Discussion in 'Shaders' started by Cery_, Apr 27, 2022.

  1. Cery_

    Cery_

    Joined:
    Aug 17, 2012
    Posts:
    47
    While porting some OpenCL kernels to HLSL and implementing a computer vision pipeline (50+ kernels) I've come across a few compiler issues in the steps from HLSL to Metal and OpenGL.
    Theses issues result in different behaviour on different GPUs. Whilst some work (OpenGL + Adreno) and some don't work without throwing an error (OpenGL + Mali), some don't work and report errors (Metal + iOS/M1). Since I don't know how to best create reproducible minimal cases to report these issues I am posting here for bug report advice and clarification.

    The Problem:

    During the compilation from HLSL to the device specific frameworks (Metal + OpenGLES) some if clauses are rewritten in a way that can lead to out of bounds memory access.

    Example cases:

    (Out of bounds memory access is marked in the code)
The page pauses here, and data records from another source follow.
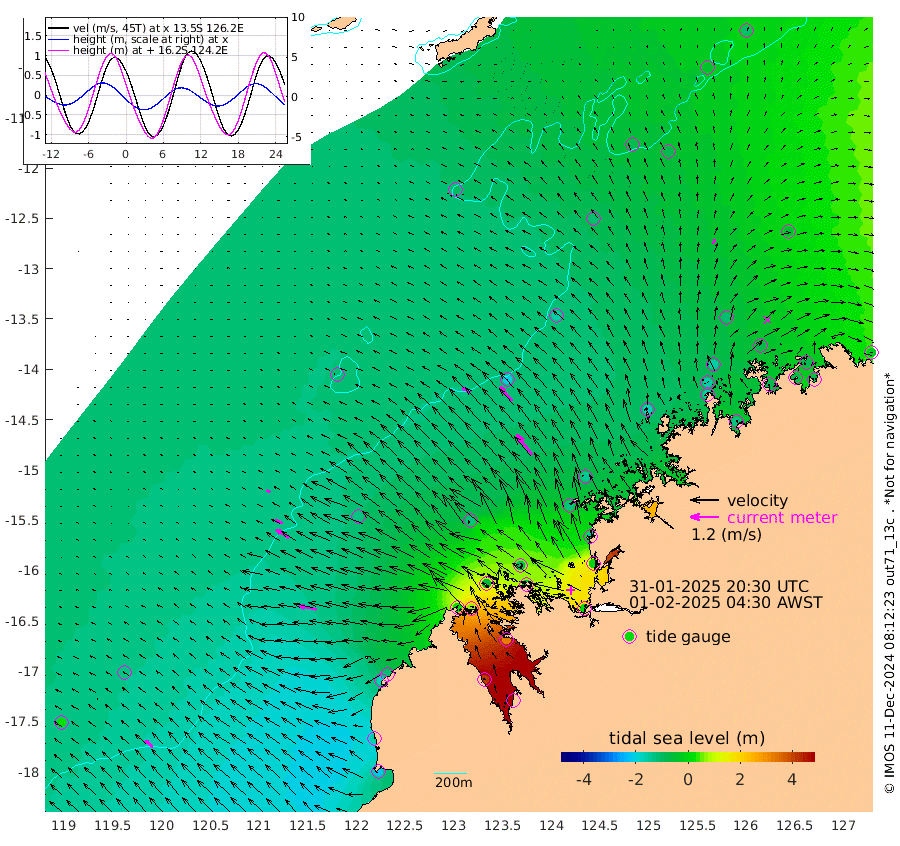 38cm/s -57T +10cm/s rms + 1cm/s 1T. NWSBRW 205m 42cm/s -49T +11cm/s rms + 6cm/s -110T. NWSROW 199m 108cm/s -38T +5cm/s rms + 2cm/s 65T. CAM050 58m 79cm/s -41T +12cm/s rms + 5cm/s 92T. CAM100 99m 18cm/s -67T +7cm/s rms + 1cm/s -85T. KIM400 396m 36cm/s -63T +9cm/s rms + 5cm/s -119T. KIM200 208m 64cm/s -56T +11cm/s rms + 5cm/s -147T. KIM100 99m 76cm/s -78T +8cm/s rms + 3cm/s -103T. KIM050 59m 22cm/s 28T +4cm/s rms + 2cm/s 23T. TIMORS88 91m 26cm Imperieuse Reef -126cm Mermaid Reef -220cm Broome -169cm Cape Baskerville -110cm Red Bluff -159cm Cape Boileau -117cm Scott Reef (WA) -92cm Ashmore Reef 29cm Karrakatta Bay 63cm Sunday Island 407cm Valentine Island 478cm Derby 324cm Port Usborne -54cm Bedford Islands -65cm Yampi Sound (Koolan Island) -102cm Macleay Island -124cm Adele Island -201cm Browse Island 1cm Shale Island -13cm Lizard Island -136cm Hall Point -124cm Degerando Island -148cm White Island -109cm Skua No. 4 Well -83cm Jabiru -177cm Maret Island -155cm Baudin Island -157cm Cape Voltaire (Krait Bay) -35cm Dillon Shoal -106cm Laminaria -130cm Port Warrender -87cm Troughton Island -153cm Cassini Island -115cm West Holothuria Reef Offshore -80cm Jar Island -127cm Lynher Bank -153cm Heywood Shoal -76cm Pee Shoal -46cm Van Cloon Shoal -81cm Carronade Island -85cm Guy Point -87cm Napier Broome Bay -23cm Lesueur Island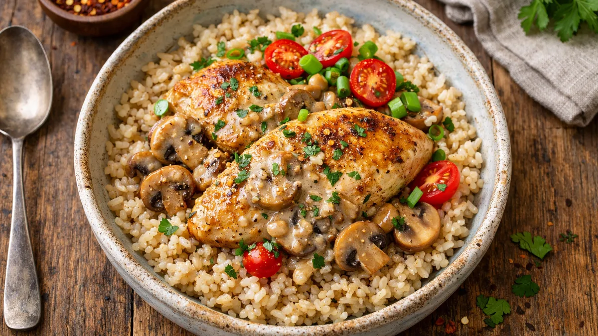 with Dijon Mushroom Sauce and Brown Rice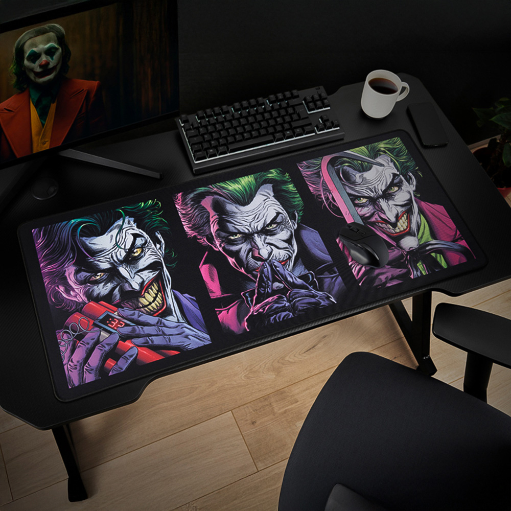 Immerse yourself in the captivating universe of The Joker with this Subsonic XXL officially licensed mouse pad, boasting an impressive size of 90cm x 40cm to provide ample space for all your gaming or work needs. Crafted with a thick 3mm foam padding, this mouse pad provides exceptional support for extended gaming or work sessions, ensuring comfort and reducing strain on your wrist and hand. The non-slip base guarantees stability, even during the most intense gaming moments, while the stitched edges enhance durability and prevent fraying. The micro-textured surface of the mouse pad offers precise tracking for both optical and laser mice, enabling gamers and creatives to execute swift movements with accuracy. Whether you're engaged in a fierce battle or working on intricate designs, this mouse pad enhances your performance by delivering a smooth and responsive surface for your mouse to glide on.

    1. FXC compiler OpenGLES

    HLSL Code:
    Code (CSharp):
    1. [numthreads(8, 8, 1)]
    2. void labelxPreprocess_int_int(uint3 id : SV_DispatchThreadID) {
    3.   const int x = id.x, y = id.y;
    4.  
    5.   if (x > 5 && buf1[x] == buf1[x-5])
    6.   {
    7.     buf0[x] = 42;
    8.     return;
    9.   }
    10. }

    Compiled OpenGLES Code:
    Code (CSharp):
    1.  
    2. void main()
    3. {
    4.     u_xlatb0 = 5<int(gl_GlobalInvocationID.x);
    5.     u_xlati1 = int(buf1_buf[gl_GlobalInvocationID.x].value[(0 >> 2) + 0]);
    6.     u_xlati2 = int(gl_GlobalInvocationID.x) + int(0xFFFFFFFBu);
    7.     u_xlati2 = int(buf1_buf[u_xlati2].value[(0 >> 2) + 0]);       // Out of Bounds Access
    8.     u_xlatb1 = u_xlati2==u_xlati1;
    9.     u_xlatb0 = u_xlatb1 && u_xlatb0;
    10.     if(u_xlatb0){
    11.         buf0_buf[gl_GlobalInvocationID.x].value[(0 >> 2)] = 42;
    12.         return;
    13.     }
    14.     return;
    15. }
    16.  

    Workaround:
    Code (CSharp):
    1.  
    2. if (x > 5)
    3. {
    4.   if(buf1[x] == buf1[x-5])
    5.   {
    6.     buf0[x] = 42; return;
    7.   }
    8. }
    9.  
    10. // Results in:
    11. u_xlatb0 = 5<int(gl_GlobalInvocationID.x);
    12. if(u_xlatb0){
    13.     u_xlati0 = int(buf1_buf[gl_GlobalInvocationID.x].value[(0 >> 2) + 0]);
    14.     u_xlati1 = int(gl_GlobalInvocationID.x) + int(0xFFFFFFFBu);
    15.     u_xlati1 = int(buf1_buf[u_xlati1].value[(0 >> 2) + 0]);
    16.     u_xlatb0 = u_xlati1==u_xlati0;
    17.     if(u_xlatb0){
    18.         buf0_buf[gl_GlobalInvocationID.x].value[(0 >> 2)] = 42;
    19.         return;
    20.     }
    21. }
    22.  

    What is happening (from my understanding):
    The conditions in the if clause should be evaluated in sequence. For (a && b) the value of b should only be checked if a is true. Due to the reconfiguration in the compiler both the value of a and b are first evaluated and stored in a bool and then the clause a && b is solved. Since I am checking the bounds for the memory access in a i don't want to execute the memory access in b if out of bounds.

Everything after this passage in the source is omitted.